[BRIEF] Please output exactly the lines below, starting at the line that has "後ろのディスプレイされてるT" and ending at the line that has "Les gains réalisés", both included; leave out all pictures and include nothing else.

[DATASET]

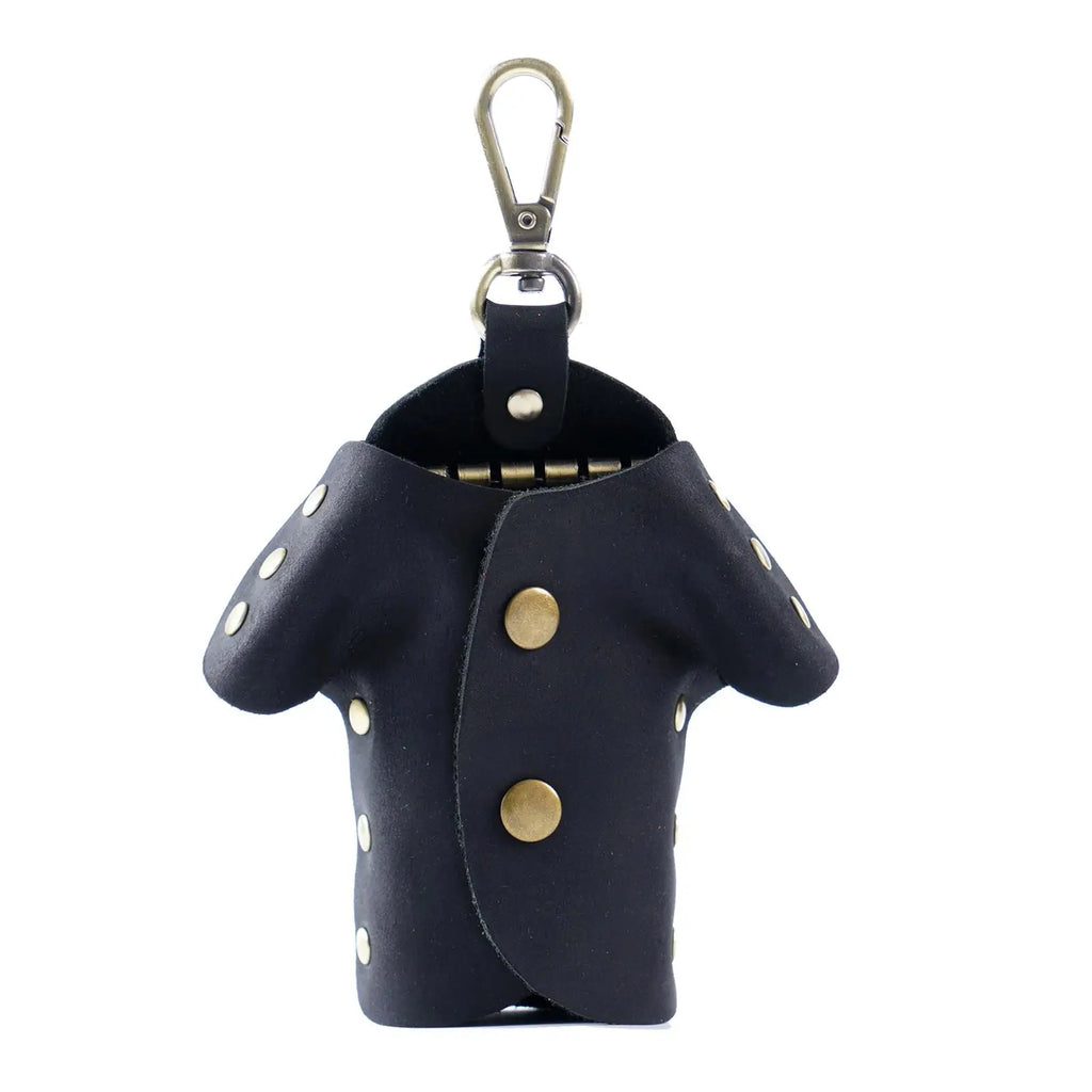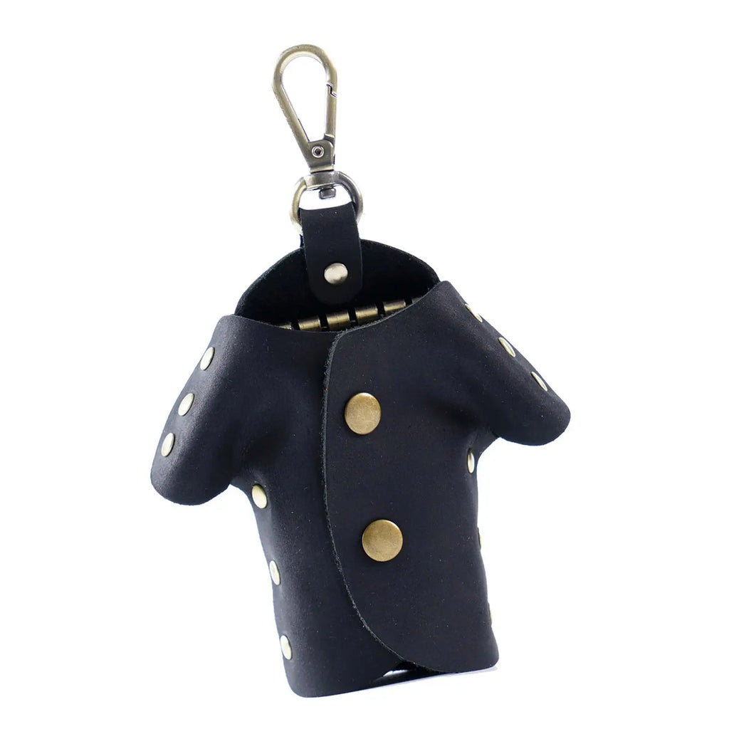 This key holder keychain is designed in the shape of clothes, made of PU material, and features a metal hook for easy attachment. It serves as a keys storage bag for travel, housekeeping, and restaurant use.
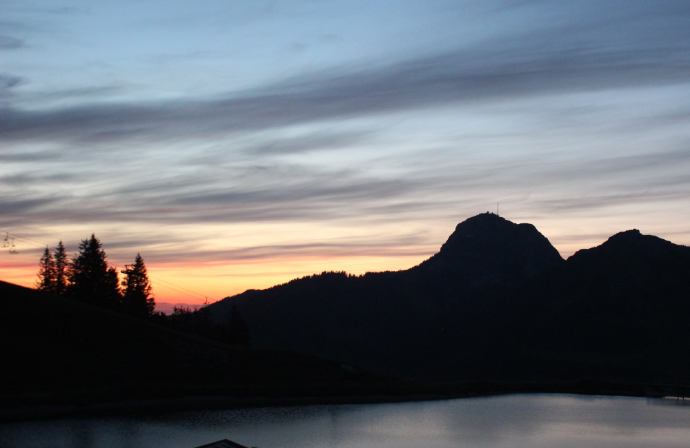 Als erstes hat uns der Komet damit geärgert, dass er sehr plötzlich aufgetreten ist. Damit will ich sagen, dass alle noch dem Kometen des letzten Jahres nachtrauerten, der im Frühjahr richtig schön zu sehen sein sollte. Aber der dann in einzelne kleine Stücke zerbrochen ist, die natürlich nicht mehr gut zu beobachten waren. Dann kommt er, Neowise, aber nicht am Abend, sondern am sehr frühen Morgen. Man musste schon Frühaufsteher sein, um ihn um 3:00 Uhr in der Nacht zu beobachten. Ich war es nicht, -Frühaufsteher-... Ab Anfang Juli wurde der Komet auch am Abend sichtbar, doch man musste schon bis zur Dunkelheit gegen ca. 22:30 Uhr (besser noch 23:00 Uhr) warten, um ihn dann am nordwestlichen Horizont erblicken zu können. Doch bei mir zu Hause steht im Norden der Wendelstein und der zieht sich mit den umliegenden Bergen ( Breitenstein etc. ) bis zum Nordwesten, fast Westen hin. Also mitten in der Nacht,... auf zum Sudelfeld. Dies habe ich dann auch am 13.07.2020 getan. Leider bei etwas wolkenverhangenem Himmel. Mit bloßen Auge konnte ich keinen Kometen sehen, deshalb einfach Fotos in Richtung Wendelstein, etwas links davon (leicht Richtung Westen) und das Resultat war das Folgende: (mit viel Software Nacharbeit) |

* * *

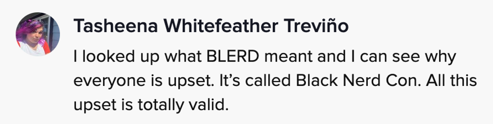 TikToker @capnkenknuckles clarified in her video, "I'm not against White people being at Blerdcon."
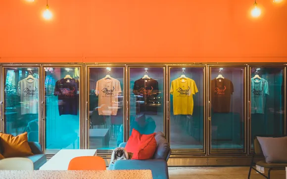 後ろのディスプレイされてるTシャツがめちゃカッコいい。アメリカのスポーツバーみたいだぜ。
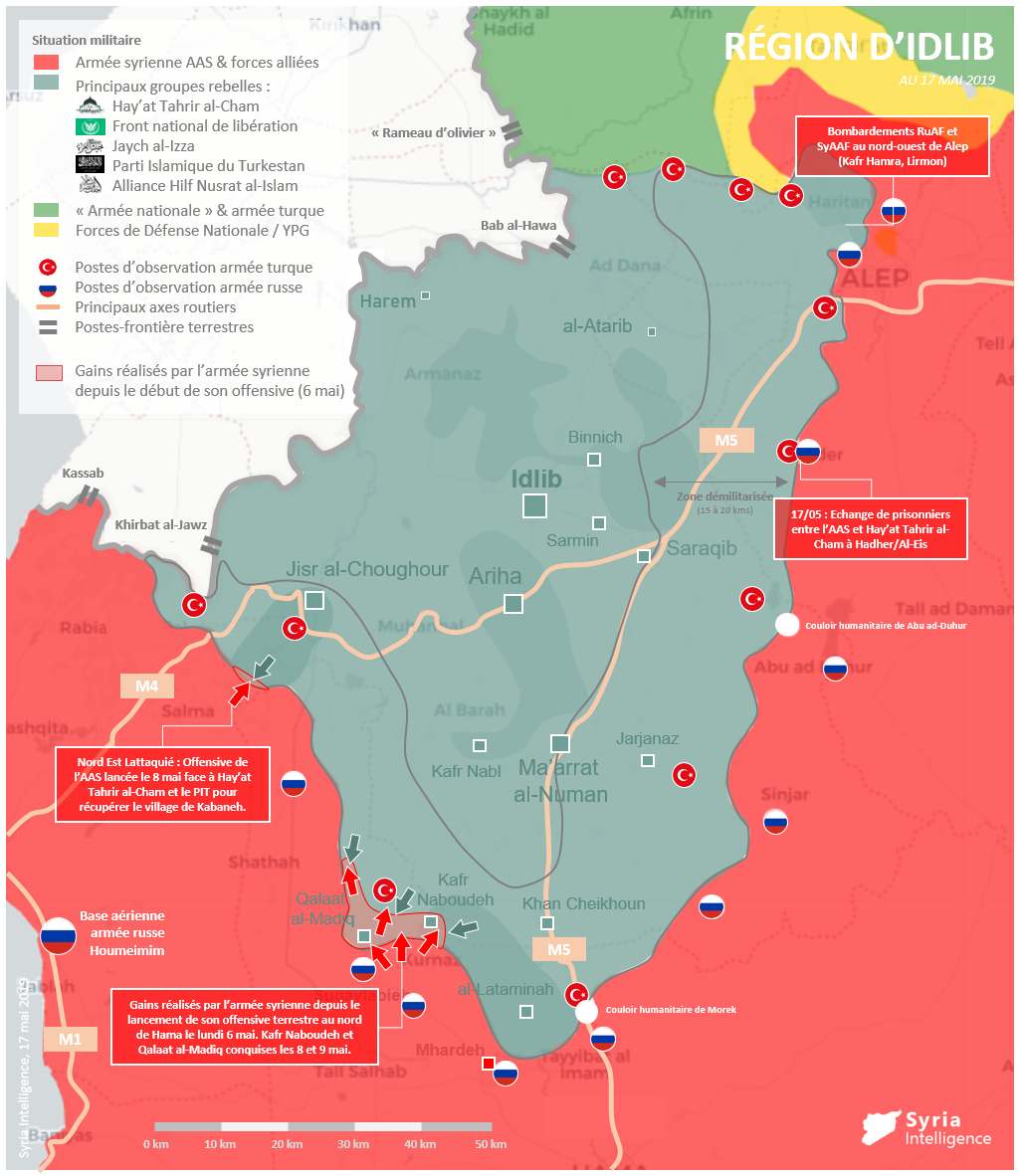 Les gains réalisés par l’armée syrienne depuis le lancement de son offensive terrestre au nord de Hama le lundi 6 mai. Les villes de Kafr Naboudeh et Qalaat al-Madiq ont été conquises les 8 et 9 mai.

---

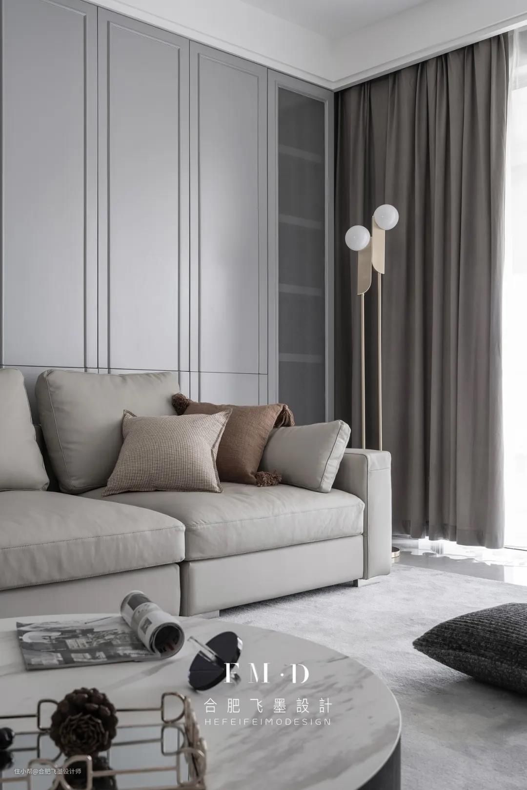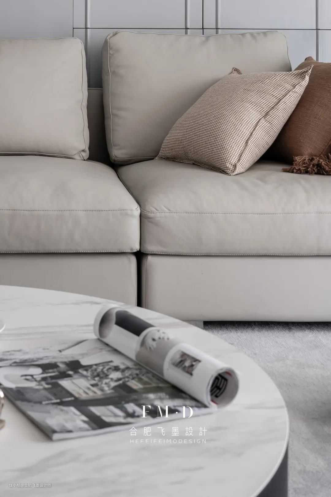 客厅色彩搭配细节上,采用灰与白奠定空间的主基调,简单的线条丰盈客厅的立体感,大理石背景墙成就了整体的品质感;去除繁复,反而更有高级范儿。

[TASK ANSWER]
 後ろのディスプレイされてるTシャツがめちゃカッコいい。アメリカのスポーツバーみたいだぜ。
 Les gains réalisés par l’armée syrienne depuis le lancement de son offensive terrestre au nord de Hama le lundi 6 mai. Les villes de Kafr Naboudeh et Qalaat al-Madiq ont été conquises les 8 et 9 mai.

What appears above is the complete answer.